On Sat, 3 Sep 2005, Ara.T.Howard wrote:

> On Sat, 3 Sep 2005, Hugh Sasse wrote:
>
>> Wow, lots of good stuff already.  I'm collecting these on the web
>> (hope that's OK, attributed, slightly edited for brevity, no email
>> addresses)... The page, which needs the formatting tweaking some more, is
>> 
>> http://www.eng.cse.dmu.ac.uk/~hgs/ruby/performance/
>
> cool.

Thank you.  I've still not tidied it up yet.
>
>>>  - don't write explicit IO : use mmap and let the kernel worry about it
>> 
>> I'm not familiar enough with mmap to understand this one :-)
>
> guy's abstraction is powerful, you just use it like a string:
>
>    harp:~ > cat a.rb
>    require 'mmap'
>    require 'tempfile'
>
         [...]
>    #
>    # modify it in place - letting the kernel do the IO
>    #
>    m = Mmap::new tmp.path, 'rw', Mmap::MAP_SHARED
>    m.gsub! %r/foobar/, 'barfoo'
>    m.msync
>    m.munmap
>
Nice.
        [...]
>
>    harp:~ > ruby a.rb
>    "barfoo\n"
>
> it's extremely powerful when you are changing, say, a scanline of pixels in 
> the
> middle of a 40MB image but nothing else - the kernel will only read/write the
> blocks you need.

That's a great help.  I'll have to look into that, not that I do
much image processing these days.
>
>>> 
>>>
>>>  - compose things out of array, hashes, and strings whenever possible. 
>>> these
>>>    objects are pretty optimized in ruby and serialize great as yaml 
>>> meaning
>>>    you never need to write hand parsers.
>> 
>
>> Do you mean, as opposed to creating new classes and composing with those?
>
> sometimes ;-)  i've just been suprised by the performance of ruby's built-ins
> lately.  for instance, rbtree used to by tons faster for big maps, but hashes
> don't do too badly now.  built-in strings share storage sometimes, etc.
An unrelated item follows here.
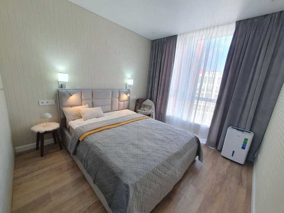 Інтер’єр продуманий для зручного проживання: підлога — ламінат і плитка, у вітальні — розкладний диван на 2 місця та кондиціонер. У спальні — ліжко з ортопедичним матрацом (1800×2000) та нішею для зберігання. Санвузол оснащений бойлером 80 л, змішувачами Hansgrohe, тропічним і гігієнічним душем, ванною. Є пральна і сушильна машини Siemens, тепла підлога.

Yes, I'd like to write some test cases for this exploration at some
point, so as future ruby versions appear we can do regression tests
on what is claimed to be quickest.
>
>>>
>>>  - cache anything possible, for instance methods dynamically generated 
>>> from
>>>    method_missing : permanmently add the method to the object instead of
>>>    generating it everytime
>> 
>> I've tried to do this and found performance has degraded.  I'm not
>> sure why, but think this post on Redhanded
>> 
>> http://redhanded.hobix.com/inspect/theFullyUpturnedBin.html
>> 
>> (unfortunately mauled by poker spammers, <seethe/>), referencing
>> 
>> http://whytheluckystiff.net/articles/theFullyUpturnedBin.html
>> 
>> has something to do with it, and because of "Grab things in 8MB
>> chunks" in particular.   One case that stood out was caching results
>> of floating point calculations involving roots: caching was slower.
>
> sure.  it's just guideline - i've run up against similar things too.  can't
> avoid testing in the end ;-)

Agreed.  I'm just wondering if the heuristic should be to cache
things of the order of megabytes, because having about 8 of them
will "trip the switch"?  I've not read the code and don't know
enought about GC to say much that's meaningful.

>
> -a

         Thank you,
         Hugh